Although you may not associate your lower back pain with your calves, when something is off-kilter in one area, it easily affects more distant areas of the body. If you think about it, your abdominals and lower back muscles support the majority of your musculoskeletal network, literally from head to toe. Without a strong core, your hips and spine can easily get out of alignment. When your alignment is off, you’ll often feel it in your knees, ankles, shoulders, or neck.
Your core is key to maintaining posture and keeping your body primed for movement. If you are recovering from an injury or have fallen out of shape from long hours working at a computer, here are a few ways you can easily incorporate some basic core exercises into your day, to achieve all the benefits core strengthening has to offer.
Start by getting into position on your hands and knees. Make sure you have proper padding for your knees on the floor. Ensure your shoulders are lined up above your hands and your knees are directly below your hips. While holding your stomach tight and keeping your back flat, carefully extend both your right arm and your left leg, using the opposite limbs for balance. Fully extend, creating a flat board the length of your body. Bring the extended arm and leg under your body until your elbow touches your knee, maintaining balance as you move. Then place your hand and knee back onto the ground position and switch, extending the left arm and right leg. Complete 10 reps on both sides.
Standing Knee Crunches
Everyone knows crunches represent the ubiquitous core exercise, but if the floor version is too hard on your back, neck, or shoulders, perform a standing version instead. Stand with your feet shoulder-width apart. With a tight core and relaxed shoulders, slowly raise one knee until it meets the opposite elbow. If the twisting motion required to lower your elbow is too much simply do the leg lift portion instead. Complete 10 reps.
The plank is a basic move with a huge core-strengthening impact. A full plank is performed with straight arms, but a modified version is achieved on your elbows instead. Use the technique that is best for you based on the potential wrist, elbow, or shoulder ailments. Roll your toes under slightly, placing the weight on the bottom of your toes. Similarly, place your hands or elbows flat on the ground directly below your shoulders. Pull your stomach tight and do not allow any sag in your lower back.
Your body should make a “plank” like a board. Hold for 10 seconds. Lower a knee to rest, then reset your position for another 10 seconds. As you become stronger, try to hold the proper position for 20 seconds, then 30 seconds, etc, working up to one minute.
For an added boost, hold the plank position while pulling one knee beneath and across your body. Return it to the extended position and repeat with the opposite side. For a modified version, hold the plank on your elbows and knees until you build enough strength to move to your toes.
Think of hip lifts as an opposite form of crunches where you raise your hips instead of your head and shoulders. To start, lay flat on your back with your arms straight down along the side of your body. Bend your knees with your feet flat on the floor. Using your feet and shoulders as an anchor, lift your hips until your body is flat from shoulders to knees. Lower and repeat, maintaining a tight core as you go. Stability is critical so focus on squeezing your glutes and abs as you lift and lower.
Side Hip Lift
To work the opposite muscles of your core lay on your side with one ankle stacked on top of the other.

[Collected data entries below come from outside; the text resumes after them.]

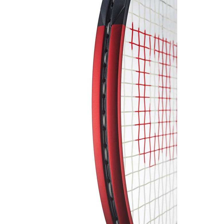 The Wilson Clash 25 v2 sets the bar high for design, comfort and game-changing performance. Coated with a rich red finish for a sleek look, this junior racquet feels incredibly arm-friendly thanks to its FORTYFIVE carbon construction. This layup design maximizes flexibility and stability through the swing, enabling young players to swing aggressively and confidently. A revised construction at the tip of the hoop allows for an enlarged sweet spot, allowing more forgiveness on off-center contact. The Wilson Clash 25 v2 features Agiplast plant-based end cap, bumper and grommets to add an element of sustainability and reduce its overall environmental footprint. Racquet Technology Parallel Drilling grommet construction provides a consistent, more forgiving string bed response while dramatically increasing the sweet spot. Vertical bending increases ball dwell time on string bed for players with more modern, vertical swings. Horizontal bending creates industry-leading flexibility for enhanced control on more traditional, horizontal swings. Torsional bending features proprietary carbon mapping to stabilize frame flexibility on off-center hits. Junior length and weight ideal for ages 8-10 FORTYFIVE comprises a patent-protected carbon construction that creates maximum flexibility and stability at impact for an uncompromising blend of power, control and feel Revised construction at tip of hoop supplies additional consistency and an enhanced sweet spot Design features red and black anodized matte finish for a clean, rich look on the court Agiplast plant-based bumper, grommet and end cap components reduce environmental footprint Racket comes pre-strung.
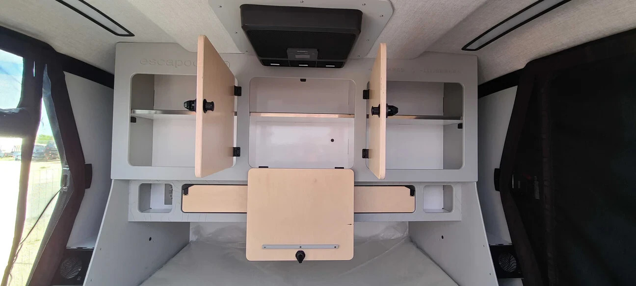 Galley:Stainless Steel Full-Size SinkENO 2-Burner StoveFridge SlideHidden Knife StorageSpice DrawerModular Shelving
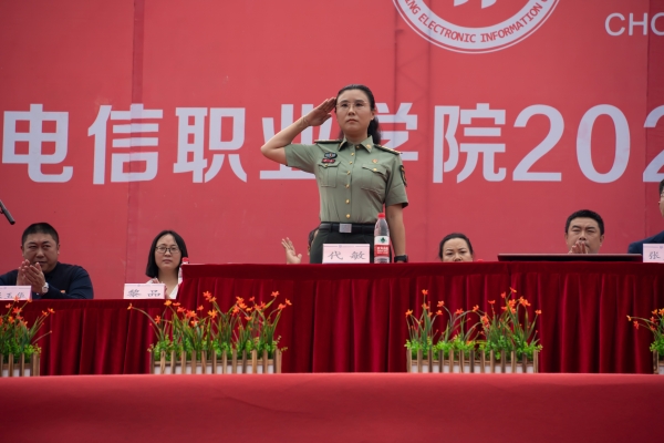 党委副书记、校长曹继建代表学校党政领导对为本次军训付出辛勤和汗水的教官表示衷心的感谢,向即将开始崭新学习生活的新生们表示热烈的欢迎和诚挚的祝愿,并向全体新生提出几点殷切希望:要耕耘自己的胆识,拿出年轻人独有的拼劲,面对困境迎难而上,披荆斩棘;要耕耘自己的学业,提高知识素养,拓宽眼界,赢得未来;要耕耘自己的内心,脚踏实地,专注做好一件事,聚焦一处,才有可能取得“十年磨一剑”的大作为;要耕耘自己的身体,只有拥有健康的体魄,才能在今后的学习和生活中迎接困难和挑战。
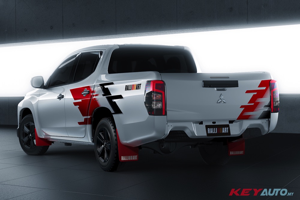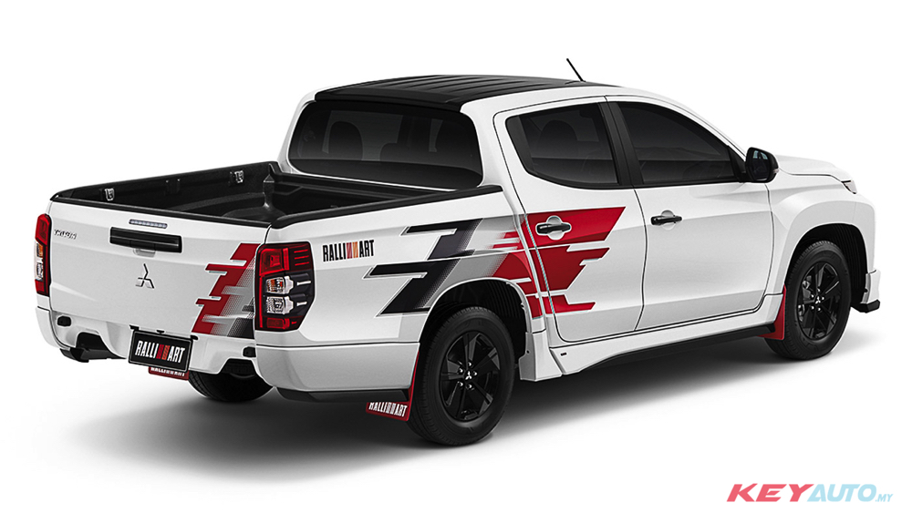 Triton Ralliart 特仕版获得多个专属配件,包括 Ralliart 专属拉花、标志性红色挡泥板,以及 Ralliart 专属外观套件,并在水箱护罩、轮框、后视镜外盖、车门把手等进行黑化处理,提升其运动气息。
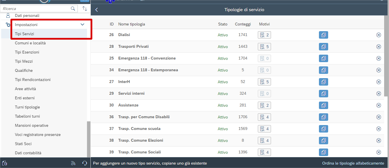 I tipi di servizi gli troviamo in “impostazioni” → “tipi servizi”. Ogni associazione può creare i propri.
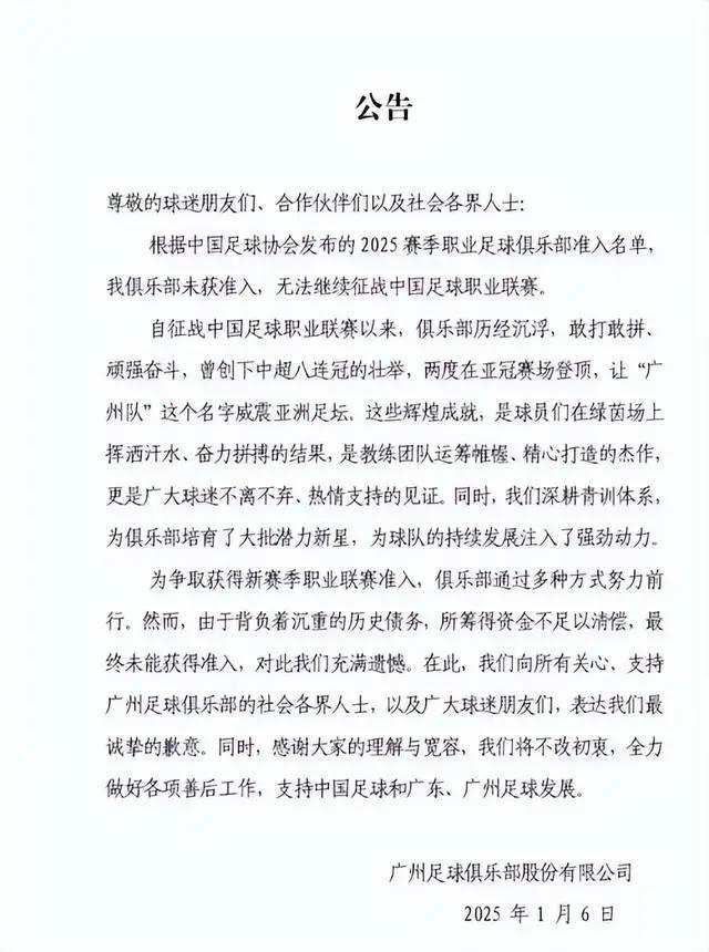 在准入名单公布6个小时后,广州俱乐部发布公告,宣布由于沉重的历史债务,所筹资金不足以清偿,无法继续征战中国足球职业联赛。
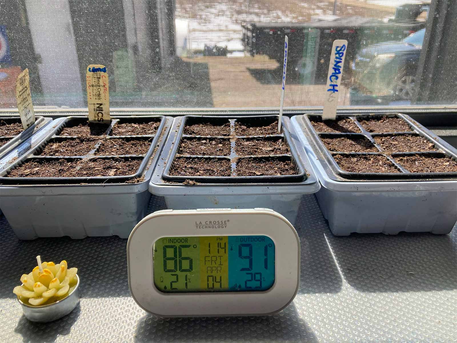 I began some cleanup in the greenhouse and planted some starter seeds to put in the kitchen window. The thermometer shows the temp in the kitchen window on the left, and the temp in the greenhouse on the right. Other than that, I was stuck at home to keep the fire going in order to heat the house. It was still cold in northern Michigan.
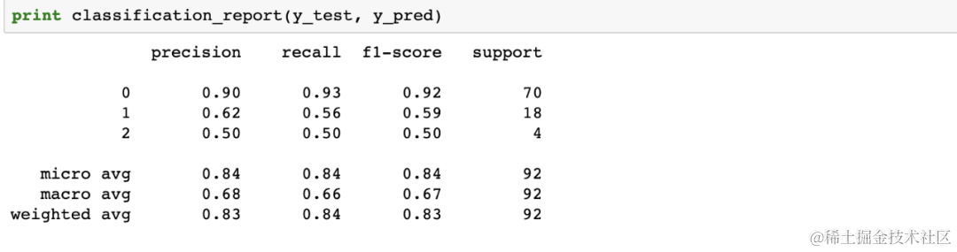 首先,我们需要检查基准测试。最大的cluster 是0号cluster,占总数的76.5%。如果我们盲目地说每个客户都属于cluster 0,那么我们的准确率将达到76.5%。84%对76.5%告诉我们,我们的机器学习模型是有用的,但肯定需要改进。我们应该找出模型的不足之处。我们可以通过查看分类报告来识别:
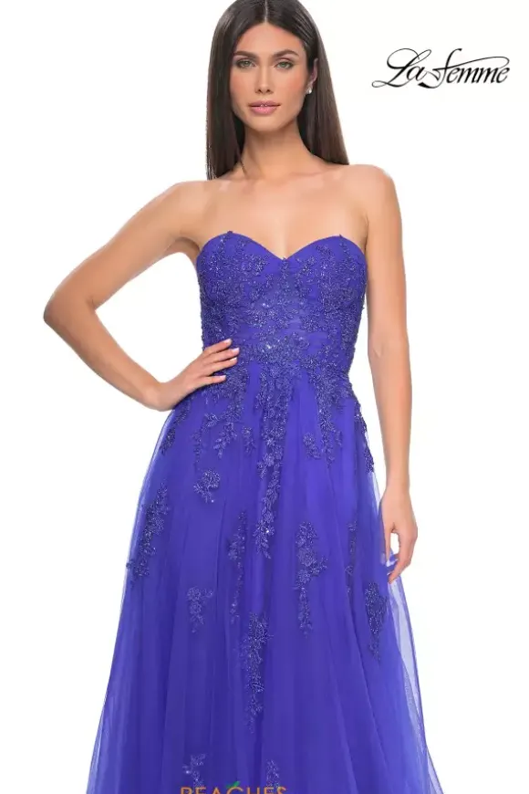 Available in the trendiest colors, A-line prom dress 32084 designed by La Femme is the perfect pick for your special event. This corset A-line dress features a strapless sweetheart neckline along with an adjustable lace up closure while the flowy skirt reveals a hidden thigh high slit and horsehair hem. Beaded lace details are featured throughout the entire dress for a stunning sparkle.
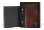 notebook A6 et un stylo à bille.
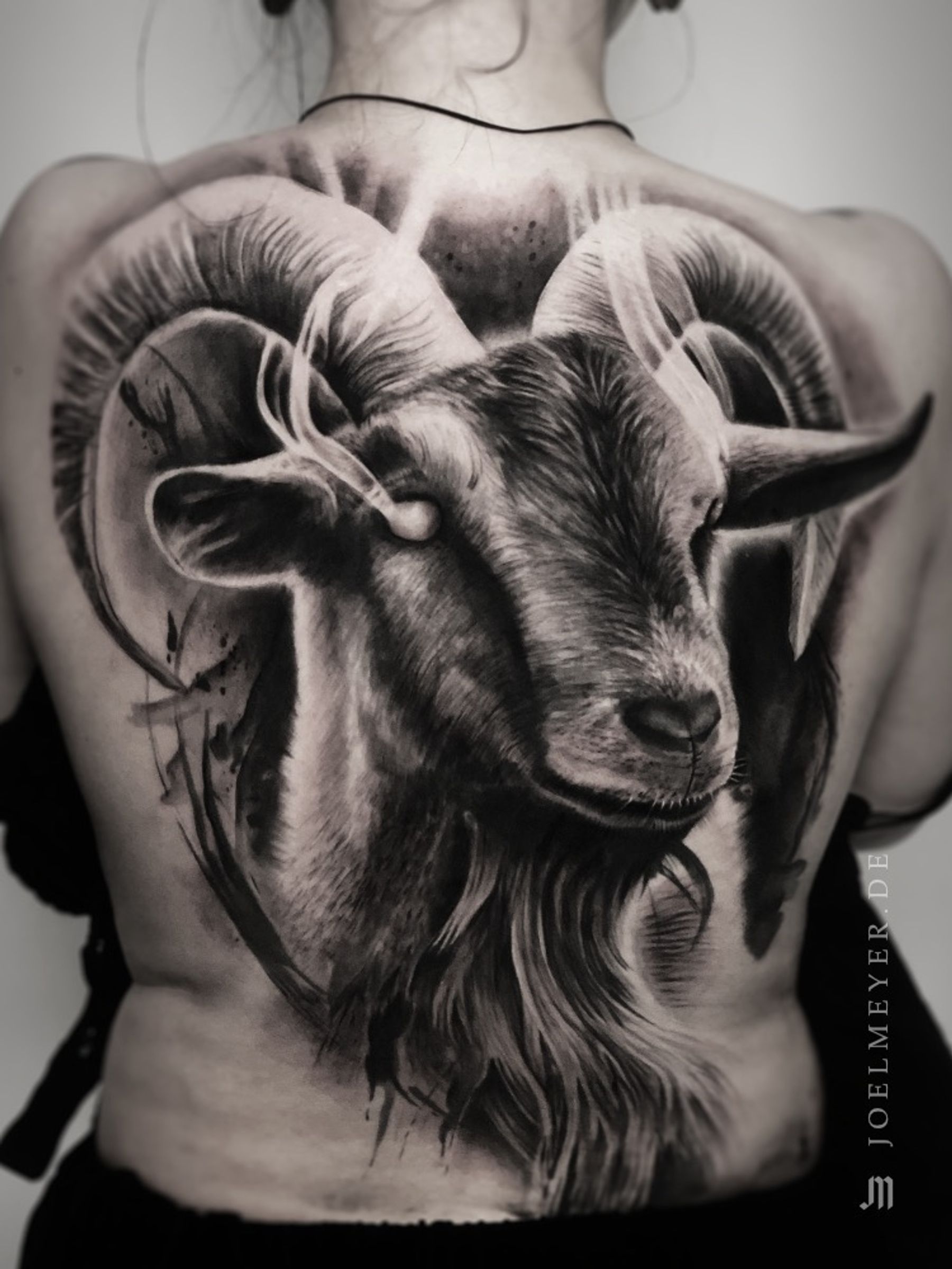 Goat Realistic Tattoo Black and Grey by Joel Meyer Tattoo Studio Laval 53 France
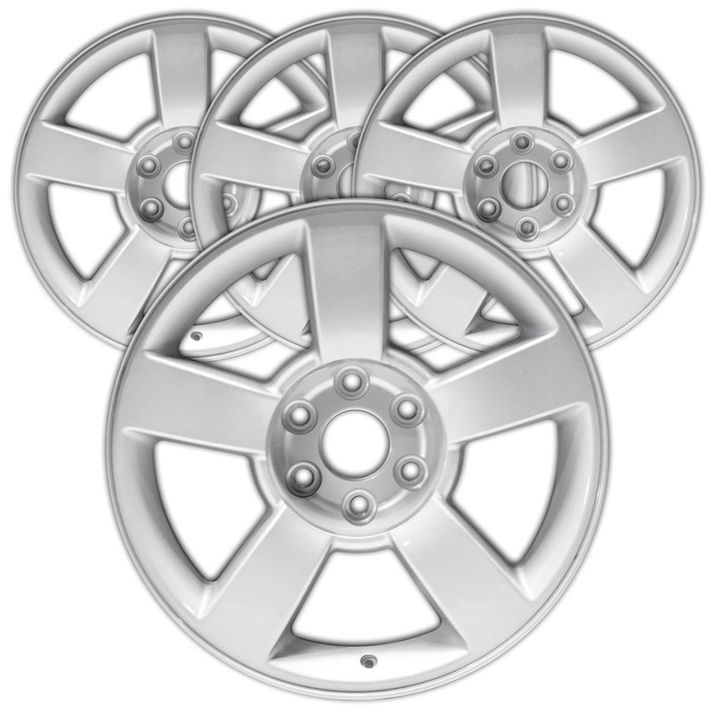 This full set of four 20-inch 5-spoke wheels feature an exact reproduction of the factory original finish and are meticulously manufactured for your Chevrolet Silverado 1500.

Put a pad beneath your elbow and ensure it is directly below your shoulder. Then lift your hips straight towards the ceiling and lower back to the ground, maintaining balance and control. Do five repetitions and then move to the other side. If this exercise is too challenging, try to lift and hold instead of moving up and down.
While these exercises are introductory, it’s important to check with your doctor or physical therapist before beginning any exercise program to ensure the movements are safe for you.
Also know you don’t have to set aside a lot of time each day to begin your progress. Instead, make these exercises part of your everyday activities. Drop and hold a plank while your coffee reheats. Throwdown a few hip lifts during the last minute of the spin cycle on the washing machine. Perform some knee crunches while brushing your teeth.
Most of all, remember to focus on form over repetitions. The goal is to strengthen and improve support so doing an exercise five times correctly is preferable to doing twice as many imprecisely.